Items from a data source:
● ● ● ●

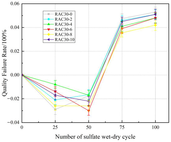 The mass loss rates of RAC with different NS doping during the DWC are shown in Figure 7. It can be seen that during the DWC, the mass of the concrete specimens of the six mixes increased and then decreased with the increase of NS admixture. In 25 repetitions of the DWC of sulfate, the pores inside the specimen are filled and the volume expands due to the gel-like object generated when the calcium substance in the cement interacts with the sulfate. With the increasing number of repetitions of DWC, the mass of RAC30-6 also increased gradually, and after 50 repetitions of DWC, the mass of RAC with NS added was larger than that of ordinary RAC, in which the mass of RAC30-6 was obviously larger than that of other specimens. This is because nanomaterials can fill microgaps and cracks in concrete more. As new products are deposited in the concrete, the quality of concrete of other nanomaterials decreases substantially. And due to the gradual loss of internal stress, it makes the width of internal cracks and side cracks of concrete specimen expand, and after the reaction deepens, the internal pressure reaches the extreme, the cracks penetrate the specimen, and the specimen reaches complete damage.
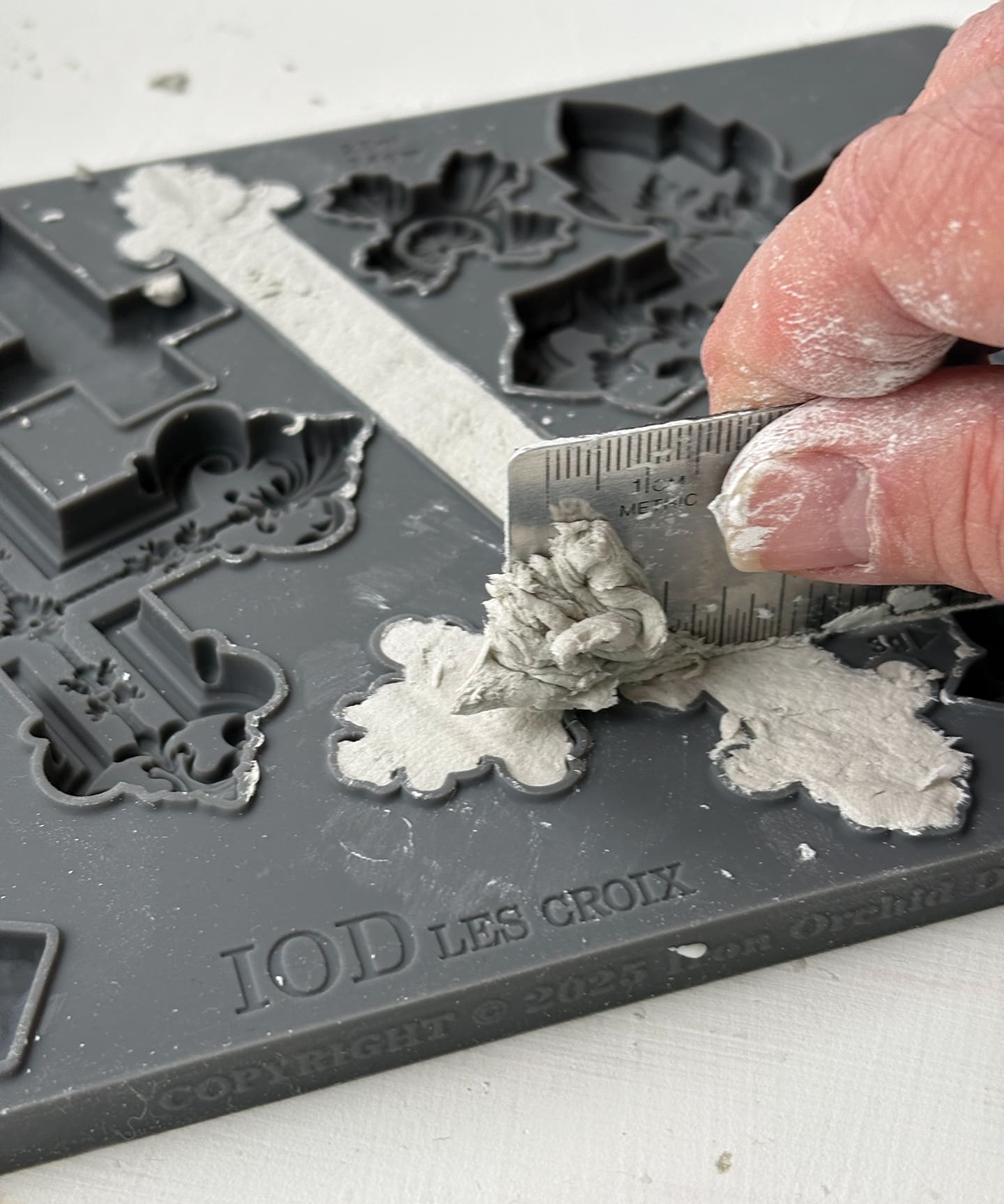 Avec la pâte auto-durcissante avec séchage à l’air libre, remplissez bien votre moule et appuyez bien pour combler chaque détail. Aidez-vous pour cette opération d’un brayer. Arasez ensuite votre moule, avec une spatule, et démoulez-le, il n’est pas nécessaire d’attendre que la pâte soit sèche. Ainsi votre moulure garde une certaine souplesse qui vous permet plus de possibilités dans la mise en œuvre de vos décors.
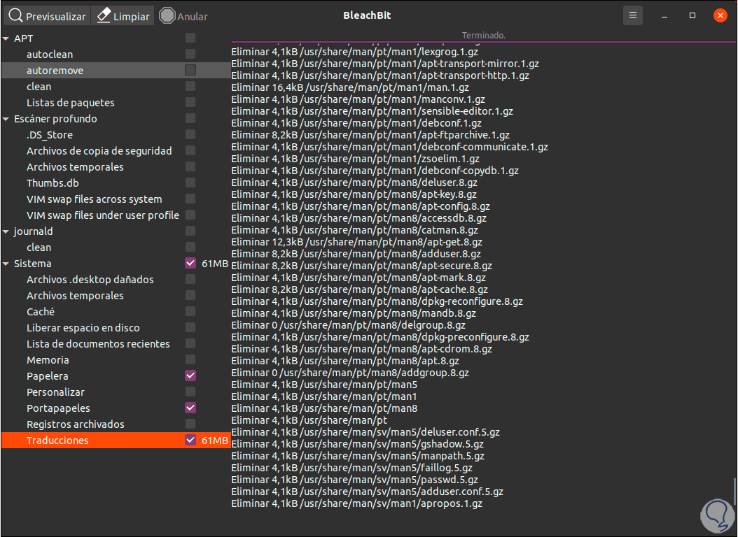 En sistemas Linux es posible usar el comando “rm” para este tipo de eliminación de objetos, pero una de las grandes ventajas de usar BleachBit es que es posible realizar un escaneo completo del disco para luego eliminar un tipo específico de archivos.
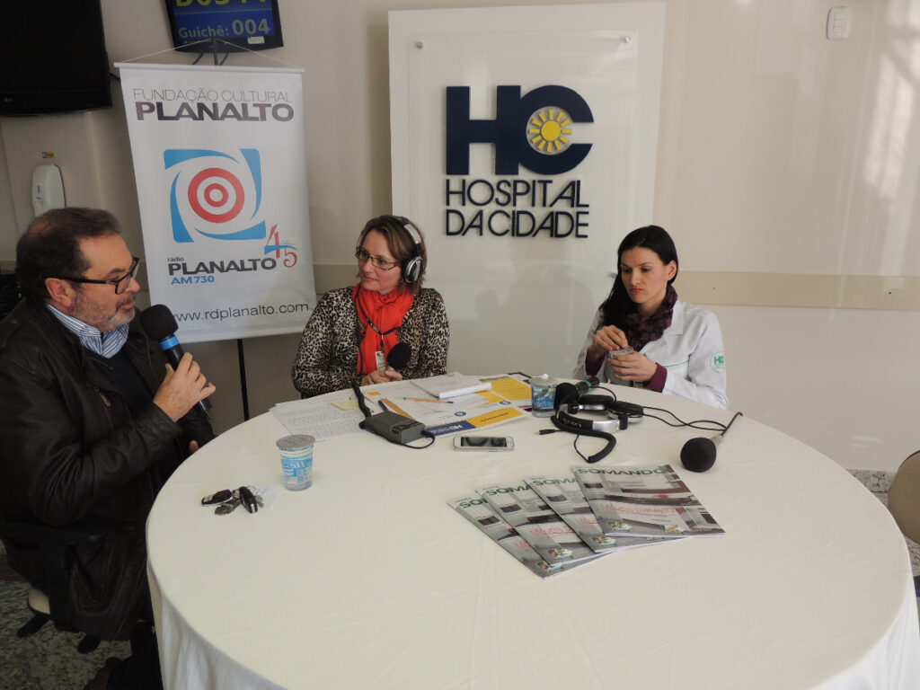 A programação em comemoração pelo centenário do Hospital da Cidade iniciou na manhã desta quarta-feira com a apresentação ao vivo no espaço multiuso, do Programa Alessandra Zanatta, pela Rádio Planalto AM. Foram duas horas de entrevistas com colaboradores, corpo médico, administradores e autoridades e pacientes que deram depoimento sobre o trabalhao, caminhada e presença do HC na comunidade de Passo Fundo e região. Um momento especial em que os ouvinte e presentes puderam conhecer um pouco mais da história centenária desta importante instituição de saúde.
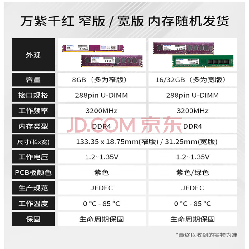 商品相册:威刚(ADATA)8GB DDR4 2666 台式机内存 万紫千红第
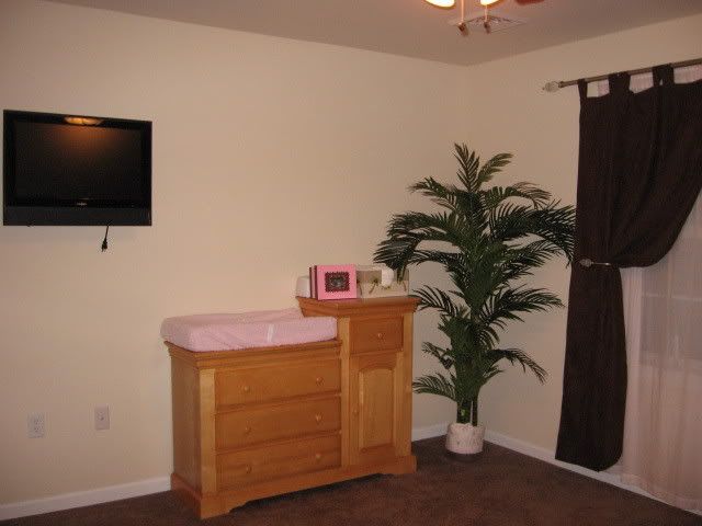 Changing table and babies first flat screen(The cords are being run up the wall)
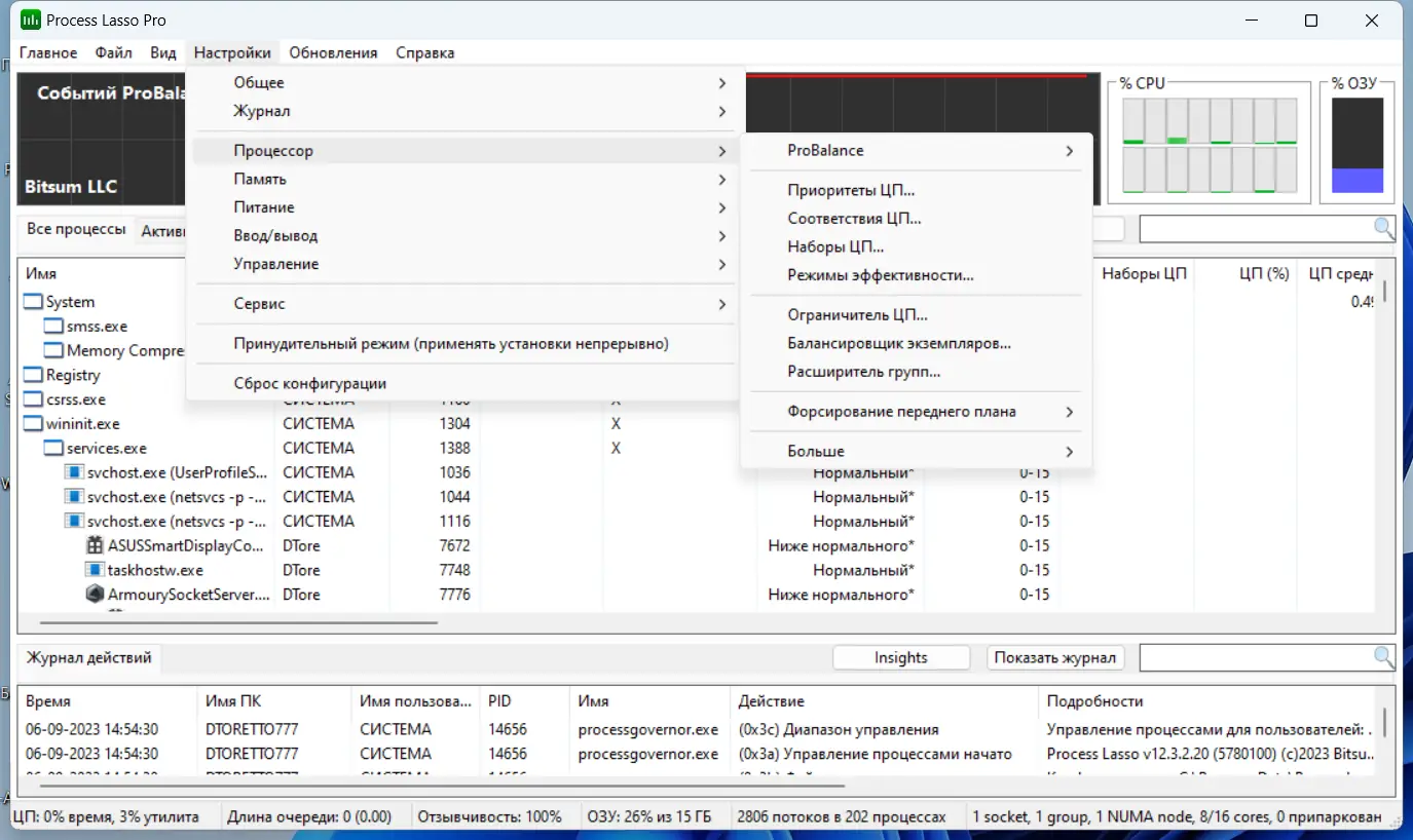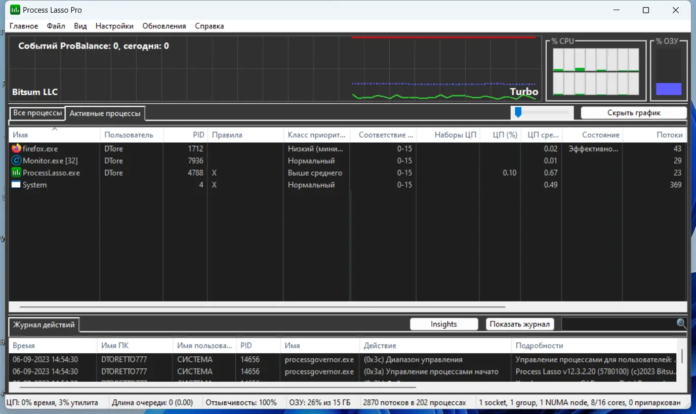 Process Lasso — это инструмент для управления процессами в системе, обеспечивающий стабильность и отзывчивость Windows при высокой нагрузке на процессор. Программа автоматически регулирует приоритеты запущенных приложений, предотвращая подвисания и лаги. Благодаря технологии ProBalance, система остаётся живой даже при интенсивной работе ресурсоёмких задач.
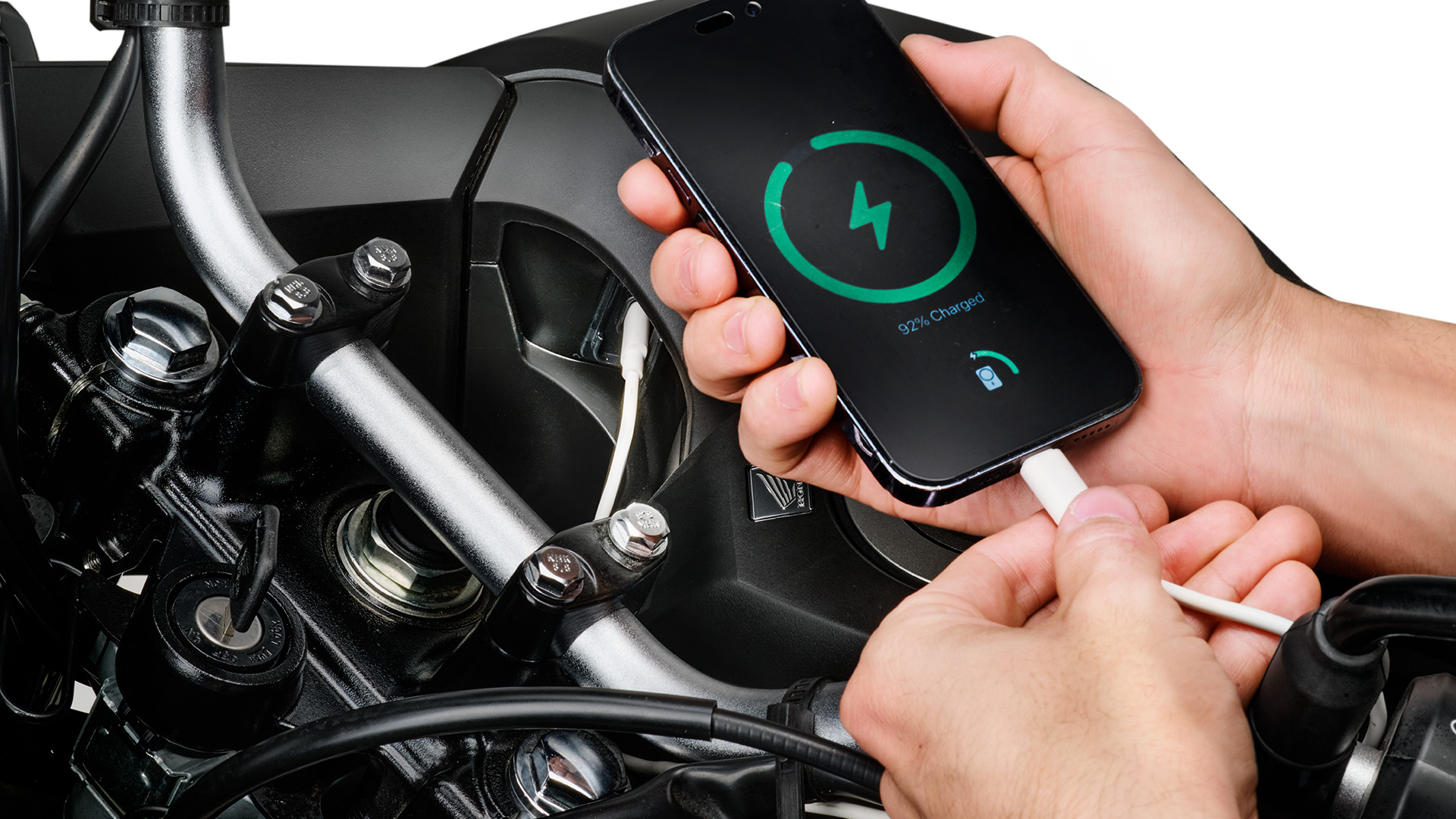 Leve a vida numa Honda e nunca fique sem bateria. A nova XRE 190 agora vem com entrada USB-C para que você esteja sempre conectado.
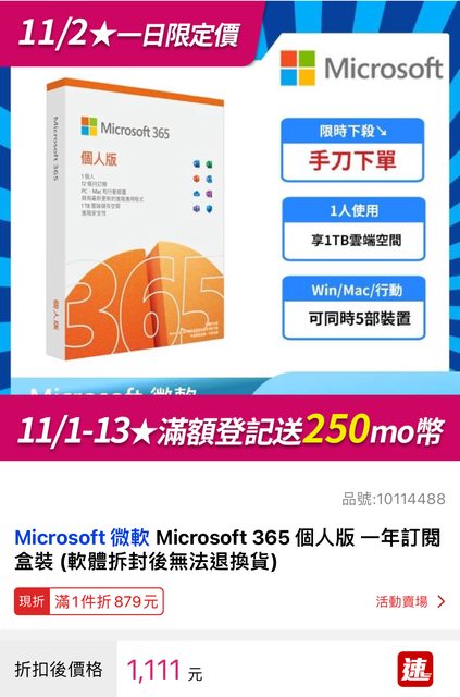 這價格應該跟淘寶買差不多了,如果還沒買的可以考慮一下,11/2一日限定不確定後續還會 不會有。 https://i.imgur.com/Dhf6TyY.jpg

● ● ● ●

**TASK ITEM**.
Only the pictures may be dropped; print every record exactly as given.

**ANSWER TO THE PROBLEM**.
 The mass loss rates of RAC with different NS doping during the DWC are shown in Figure 7. It can be seen that during the DWC, the mass of the concrete specimens of the six mixes increased and then decreased with the increase of NS admixture. In 25 repetitions of the DWC of sulfate, the pores inside the specimen are filled and the volume expands due to the gel-like object generated when the calcium substance in the cement interacts with the sulfate. With the increasing number of repetitions of DWC, the mass of RAC30-6 also increased gradually, and after 50 repetitions of DWC, the mass of RAC with NS added was larger than that of ordinary RAC, in which the mass of RAC30-6 was obviously larger than that of other specimens. This is because nanomaterials can fill microgaps and cracks in concrete more. As new products are deposited in the concrete, the quality of concrete of other nanomaterials decreases substantially. And due to the gradual loss of internal stress, it makes the width of internal cracks and side cracks of concrete specimen expand, and after the reaction deepens, the internal pressure reaches the extreme, the cracks penetrate the specimen, and the specimen reaches complete damage.
 Avec la pâte auto-durcissante avec séchage à l’air libre, remplissez bien votre moule et appuyez bien pour combler chaque détail. Aidez-vous pour cette opération d’un brayer. Arasez ensuite votre moule, avec une spatule, et démoulez-le, il n’est pas nécessaire d’attendre que la pâte soit sèche. Ainsi votre moulure garde une certaine souplesse qui vous permet plus de possibilités dans la mise en œuvre de vos décors.
 En sistemas Linux es posible usar el comando “rm” para este tipo de eliminación de objetos, pero una de las grandes ventajas de usar BleachBit es que es posible realizar un escaneo completo del disco para luego eliminar un tipo específico de archivos.
 A programação em comemoração pelo centenário do Hospital da Cidade iniciou na manhã desta quarta-feira com a apresentação ao vivo no espaço multiuso, do Programa Alessandra Zanatta, pela Rádio Planalto AM. Foram duas horas de entrevistas com colaboradores, corpo médico, administradores e autoridades e pacientes que deram depoimento sobre o trabalhao, caminhada e presença do HC na comunidade de Passo Fundo e região. Um momento especial em que os ouvinte e presentes puderam conhecer um pouco mais da história centenária desta importante instituição de saúde.
 商品相册:威刚(ADATA)8GB DDR4 2666 台式机内存 万紫千红第
 Changing table and babies first flat screen(The cords are being run up the wall)
 Process Lasso — это инструмент для управления процессами в системе, обеспечивающий стабильность и отзывчивость Windows при высокой нагрузке на процессор. Программа автоматически регулирует приоритеты запущенных приложений, предотвращая подвисания и лаги. Благодаря технологии ProBalance, система остаётся живой даже при интенсивной работе ресурсоёмких задач.
 Leve a vida numa Honda e nunca fique sem bateria. A nova XRE 190 agora vem com entrada USB-C para que você esteja sempre conectado.
 這價格應該跟淘寶買差不多了,如果還沒買的可以考慮一下,11/2一日限定不確定後續還會 不會有。 https://i.imgur.com/Dhf6TyY.jpg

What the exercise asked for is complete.